Stored records
►

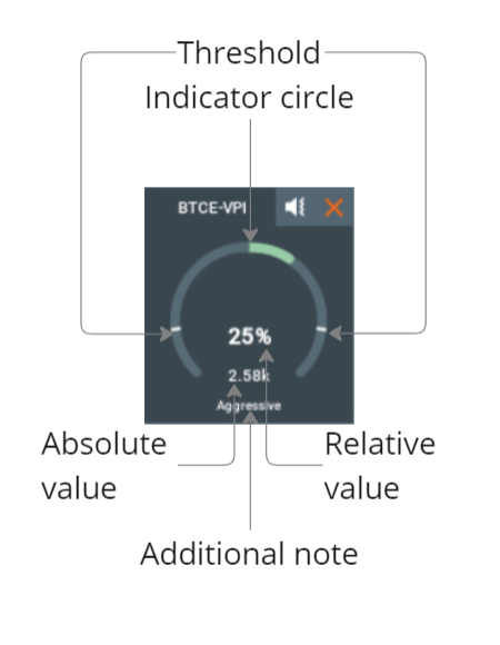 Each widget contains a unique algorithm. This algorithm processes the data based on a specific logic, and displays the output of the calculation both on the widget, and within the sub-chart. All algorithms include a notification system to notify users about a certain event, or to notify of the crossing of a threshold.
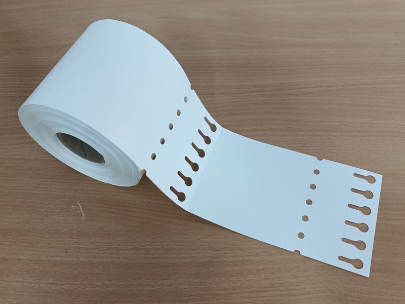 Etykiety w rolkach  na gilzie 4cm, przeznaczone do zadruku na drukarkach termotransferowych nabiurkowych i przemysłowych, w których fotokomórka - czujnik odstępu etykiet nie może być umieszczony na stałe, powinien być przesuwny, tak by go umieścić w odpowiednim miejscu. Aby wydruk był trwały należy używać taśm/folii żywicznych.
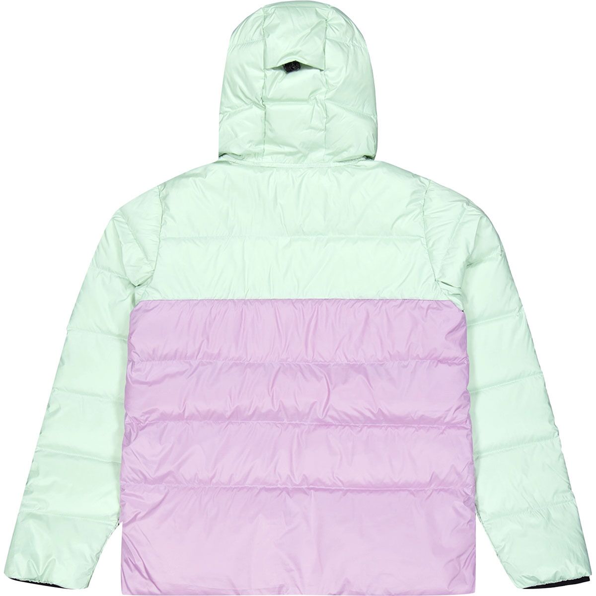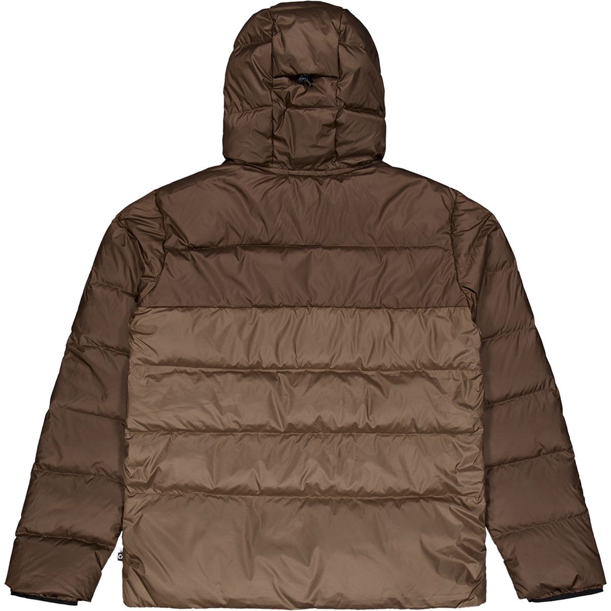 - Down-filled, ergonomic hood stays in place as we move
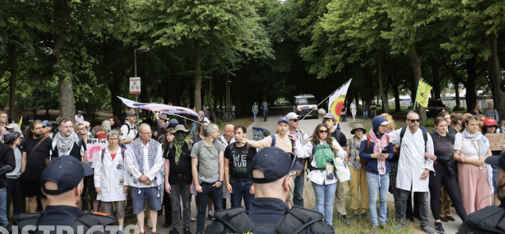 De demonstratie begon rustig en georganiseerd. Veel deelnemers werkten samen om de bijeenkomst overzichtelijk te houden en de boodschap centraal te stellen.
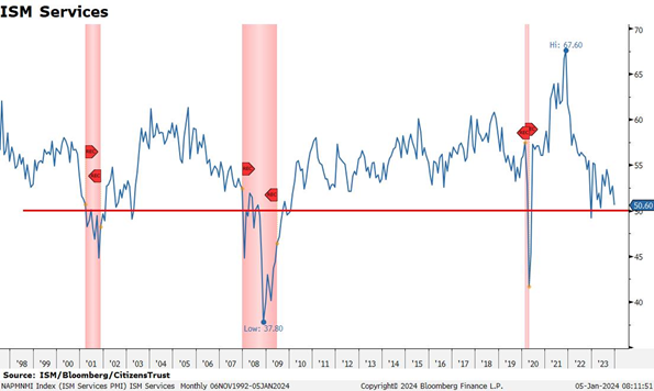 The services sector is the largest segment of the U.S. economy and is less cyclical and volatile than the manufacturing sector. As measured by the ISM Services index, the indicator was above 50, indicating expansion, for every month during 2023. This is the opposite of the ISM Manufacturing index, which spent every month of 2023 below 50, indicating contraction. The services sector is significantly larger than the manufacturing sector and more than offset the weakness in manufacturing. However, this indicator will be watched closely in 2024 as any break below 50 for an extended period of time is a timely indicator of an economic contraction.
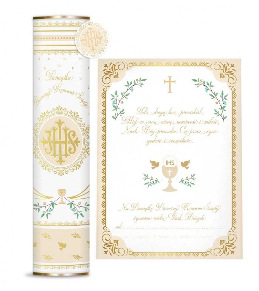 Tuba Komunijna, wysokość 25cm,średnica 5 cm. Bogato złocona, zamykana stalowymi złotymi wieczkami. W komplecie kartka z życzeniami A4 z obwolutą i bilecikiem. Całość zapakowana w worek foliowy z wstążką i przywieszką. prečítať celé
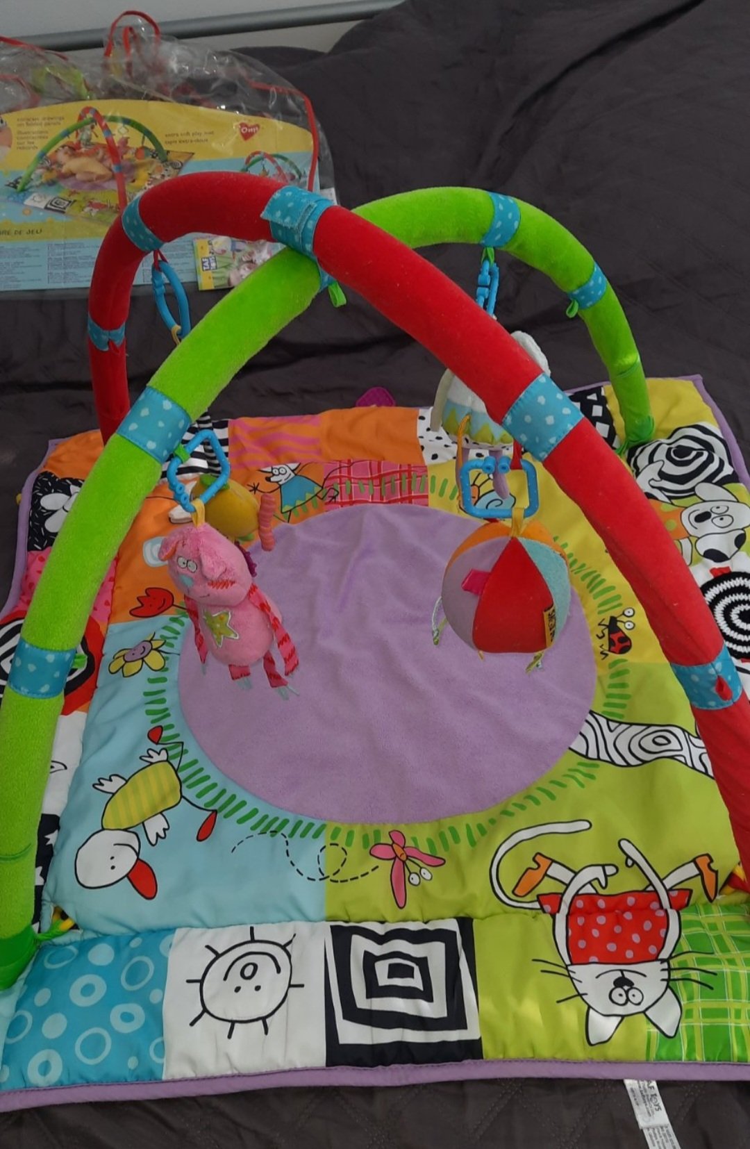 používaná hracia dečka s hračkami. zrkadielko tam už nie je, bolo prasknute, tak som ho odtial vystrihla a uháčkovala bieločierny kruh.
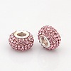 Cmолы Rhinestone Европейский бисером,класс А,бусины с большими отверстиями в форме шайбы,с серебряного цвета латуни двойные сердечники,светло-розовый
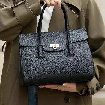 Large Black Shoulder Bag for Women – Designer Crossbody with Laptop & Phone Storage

◄

What the task requires: Start with the line that holds "Cmолы Rhinestone Европейский" and retype each line through the last one in the data, exactly and without pictures.

Output of the exercise:
 Cmолы Rhinestone Европейский бисером,класс А,бусины с большими отверстиями в форме шайбы,с серебряного цвета латуни двойные сердечники,светло-розовый
 Large Black Shoulder Bag for Women – Designer Crossbody with Laptop & Phone Storage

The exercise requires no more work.